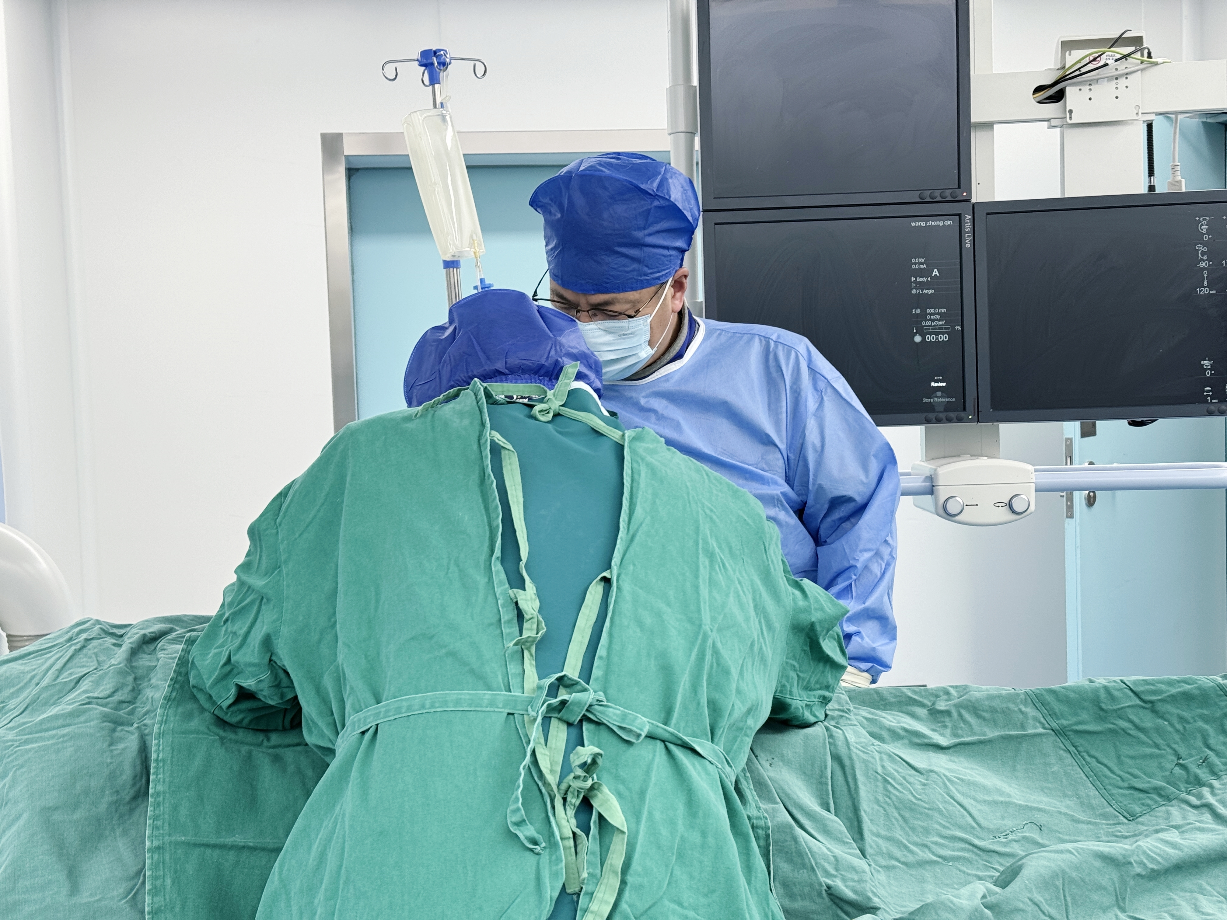 医护团队为王爷爷实施髂静脉支架置入术。
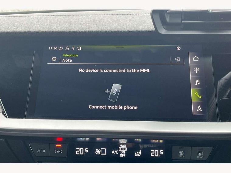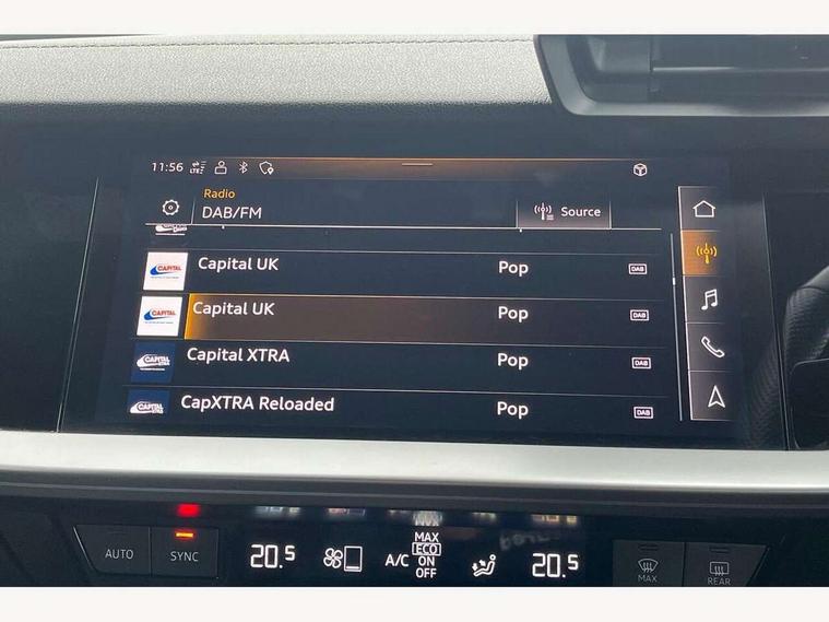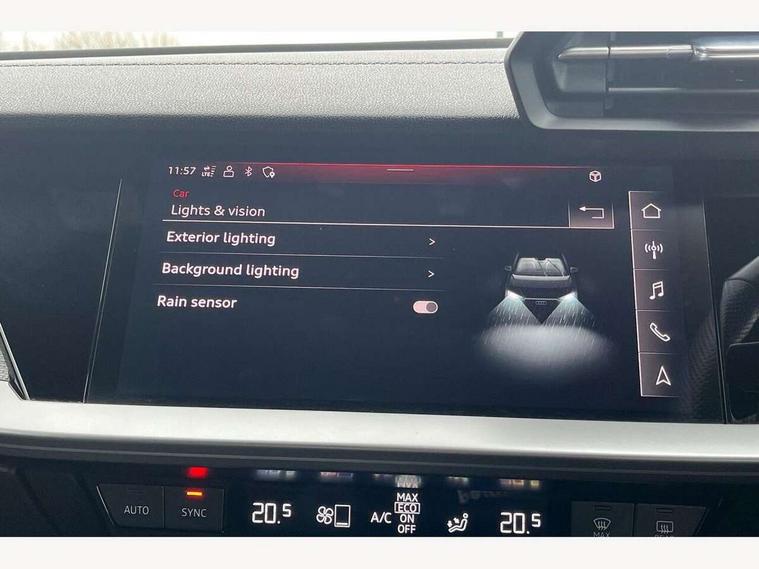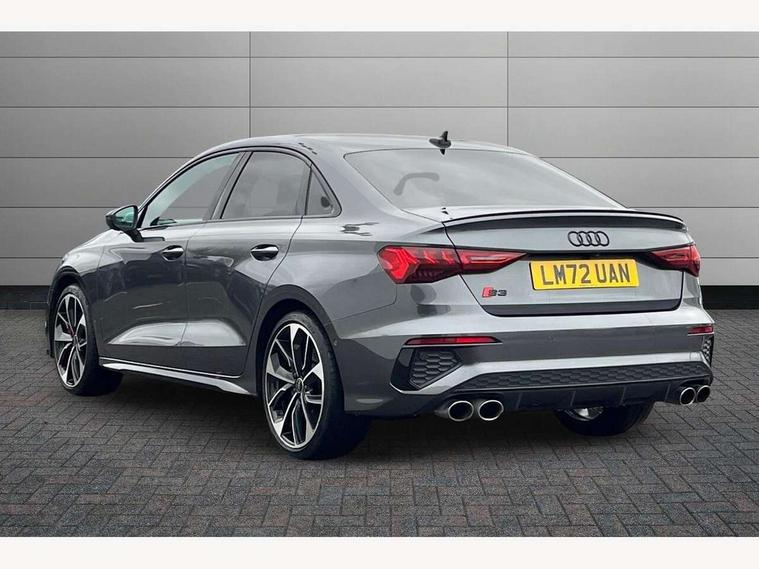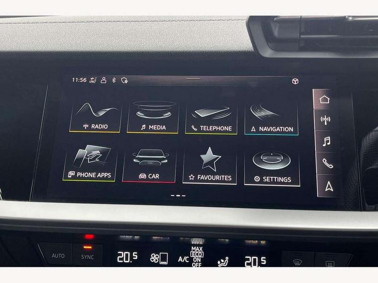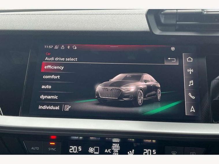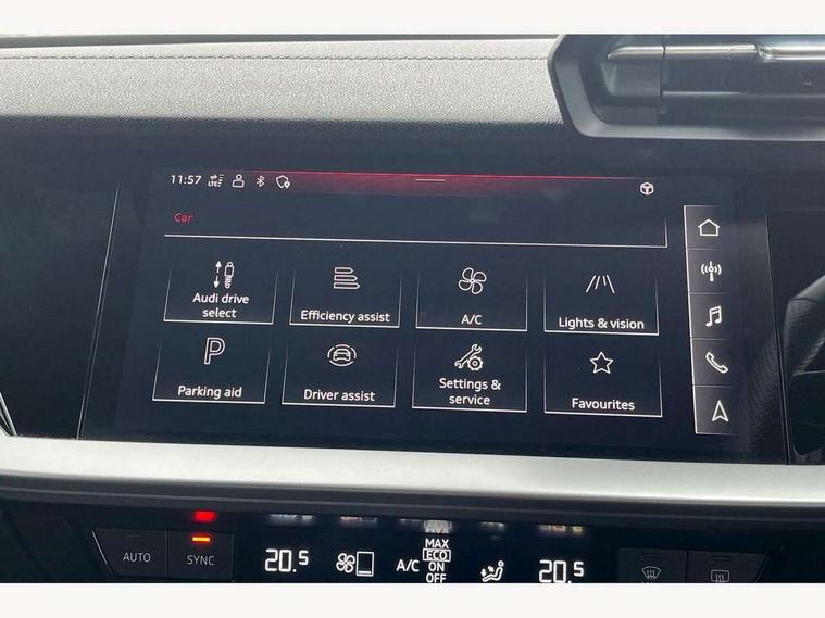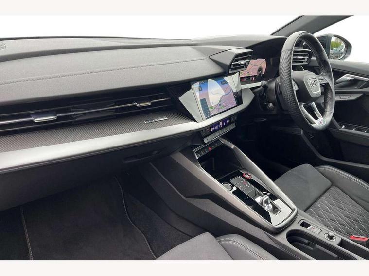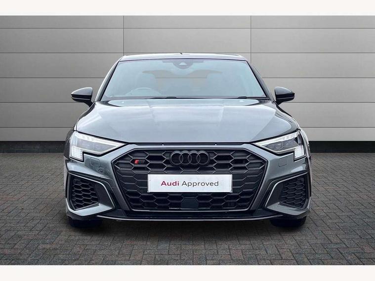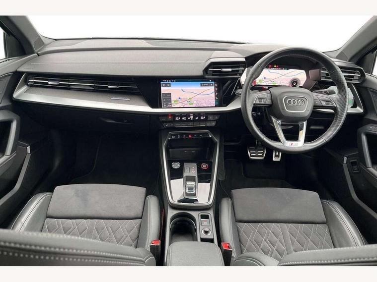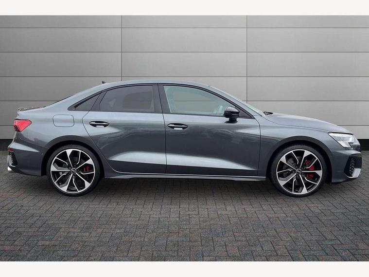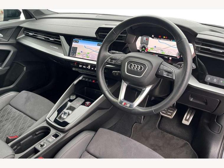 Audi connect emergency call and service, Audi drive select (Auto, Comfort, Dynamic, Efficiency and Individual), Audi smartphone interface, Audi virtual cockpit plus - 12.3" dynamic digital instrument cluster, Automatic start/stop system with recuperation, Bluetooth interface, Collision avoidance assistant, Head up Display, Lane departure warning system, MMI Navigation Plus with high resolution 10.1" colour touch screen display, Progressive steering, Reversing camera, Service indicator, Voice control system with natural language interaction, Quattro permanent all wheel drive, S sports suspension with damper control and lowering by 15mm, 2x USB Type C ports (for charging and data transfer), Bang and Olufsen premium sound system with 3D sound, CD player, DAB Digital radio, 3rd brake light, Acoustic glass windscreen, Audi Beam uses LEDs to project Vorsprung onto the ground as you exit your S3, Audi matrix LED headlights, LED rear lights, dynamic front and rear indicators and headlight cleaning system, Auto dimming frameless rear view mirror, Electric panoramic sunroof, Electrically adj heated/folding + automatically dimming exterior mirrors with memory + automatic kerb side function for passenger side exterior mirror, Front electric windows, Illuminated door sills with aluminium inserts at the front with S logo, Integrated LED indicators in door mirrors, LED daytime running lights, Light and rain sensors, Model and engine designation badges at rear, Privacy glass - dark tinted rear window, rear door and side windows, Rear boot, Rear electric windows, Rear side wing doors, 12V socket and storage compartment in front centre console, 3 seat bench in 2nd row, 3 spoke leather multifunction steering wheel with gear shift paddles, 4 way electrically adjustable lumbar support for driver and front passenger, 40/20/40 split folding rear seat bench with cupholder, Black cloth headlining, Dual zone electronic climate control, Electrically adjustable front seats with memory function for driver's side and exterior mirrors, Electronically operated child locks, Front and rear centre armrest in leather, Front and rear headrests, Front/rear floor mats, Heated front seats, Height and reach adjustable steering wheel, Illuminated vanity mirror, Interior lighting - glove compartment light and right hand side, Luggage compartment floor covering, Single front passenger seat, Stainless steel pedals and front footrest in black, Body styling design pack - S3, Driver Assistance pack - A3 Saloon, Extended ambient lighting pack - A3/S3 Saloon, LED interior lighting pack - A3 Saloon, Storage pack - A3/S3 Saloon, 3x3 point rear seat belts, Driver and front passenger airbag with passenger airbag deactivation, Electronic Stabilisation Control (ESC) including ABS, ASR and EDL, First aid kit with warning triangle and 2 safety vests, Front side airbags with head airbags and interaction airbag, Hill hold assist, Pre-sense front with pedestrian and cyclist detection, Seatbelt monitoring, Tyre pressure loss indicator, Advanced key and power operated tailgate - Luggage compartment lid opens electrically, Anti theft alarm, Anti-theft wheel bolts, Immobiliser, Remote control central locking, Aluminium air vent surrounds, Aluminium trim elements, Carbon inlays, accent surfaces in the dashboard and centre console in platinum grey silk effect paint finish,
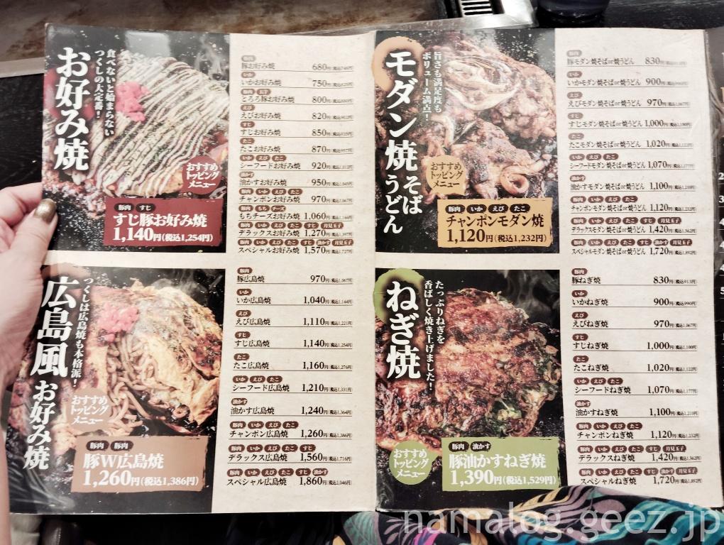 つくしは、メニューがとっても豊富。関西のお好み焼き以外にもなぜか広島風お好み焼きもあります。

* _Problem description_
For this task, give the full listing again verbatim and keep out every picture.

* _Result below_
 医护团队为王爷爷实施髂静脉支架置入术。
 Audi connect emergency call and service, Audi drive select (Auto, Comfort, Dynamic, Efficiency and Individual), Audi smartphone interface, Audi virtual cockpit plus - 12.3" dynamic digital instrument cluster, Automatic start/stop system with recuperation, Bluetooth interface, Collision avoidance assistant, Head up Display, Lane departure warning system, MMI Navigation Plus with high resolution 10.1" colour touch screen display, Progressive steering, Reversing camera, Service indicator, Voice control system with natural language interaction, Quattro permanent all wheel drive, S sports suspension with damper control and lowering by 15mm, 2x USB Type C ports (for charging and data transfer), Bang and Olufsen premium sound system with 3D sound, CD player, DAB Digital radio, 3rd brake light, Acoustic glass windscreen, Audi Beam uses LEDs to project Vorsprung onto the ground as you exit your S3, Audi matrix LED headlights, LED rear lights, dynamic front and rear indicators and headlight cleaning system, Auto dimming frameless rear view mirror, Electric panoramic sunroof, Electrically adj heated/folding + automatically dimming exterior mirrors with memory + automatic kerb side function for passenger side exterior mirror, Front electric windows, Illuminated door sills with aluminium inserts at the front with S logo, Integrated LED indicators in door mirrors, LED daytime running lights, Light and rain sensors, Model and engine designation badges at rear, Privacy glass - dark tinted rear window, rear door and side windows, Rear boot, Rear electric windows, Rear side wing doors, 12V socket and storage compartment in front centre console, 3 seat bench in 2nd row, 3 spoke leather multifunction steering wheel with gear shift paddles, 4 way electrically adjustable lumbar support for driver and front passenger, 40/20/40 split folding rear seat bench with cupholder, Black cloth headlining, Dual zone electronic climate control, Electrically adjustable front seats with memory function for driver's side and exterior mirrors, Electronically operated child locks, Front and rear centre armrest in leather, Front and rear headrests, Front/rear floor mats, Heated front seats, Height and reach adjustable steering wheel, Illuminated vanity mirror, Interior lighting - glove compartment light and right hand side, Luggage compartment floor covering, Single front passenger seat, Stainless steel pedals and front footrest in black, Body styling design pack - S3, Driver Assistance pack - A3 Saloon, Extended ambient lighting pack - A3/S3 Saloon, LED interior lighting pack - A3 Saloon, Storage pack - A3/S3 Saloon, 3x3 point rear seat belts, Driver and front passenger airbag with passenger airbag deactivation, Electronic Stabilisation Control (ESC) including ABS, ASR and EDL, First aid kit with warning triangle and 2 safety vests, Front side airbags with head airbags and interaction airbag, Hill hold assist, Pre-sense front with pedestrian and cyclist detection, Seatbelt monitoring, Tyre pressure loss indicator, Advanced key and power operated tailgate - Luggage compartment lid opens electrically, Anti theft alarm, Anti-theft wheel bolts, Immobiliser, Remote control central locking, Aluminium air vent surrounds, Aluminium trim elements, Carbon inlays, accent surfaces in the dashboard and centre console in platinum grey silk effect paint finish,
 つくしは、メニューがとっても豊富。関西のお好み焼き以外にもなぜか広島風お好み焼きもあります。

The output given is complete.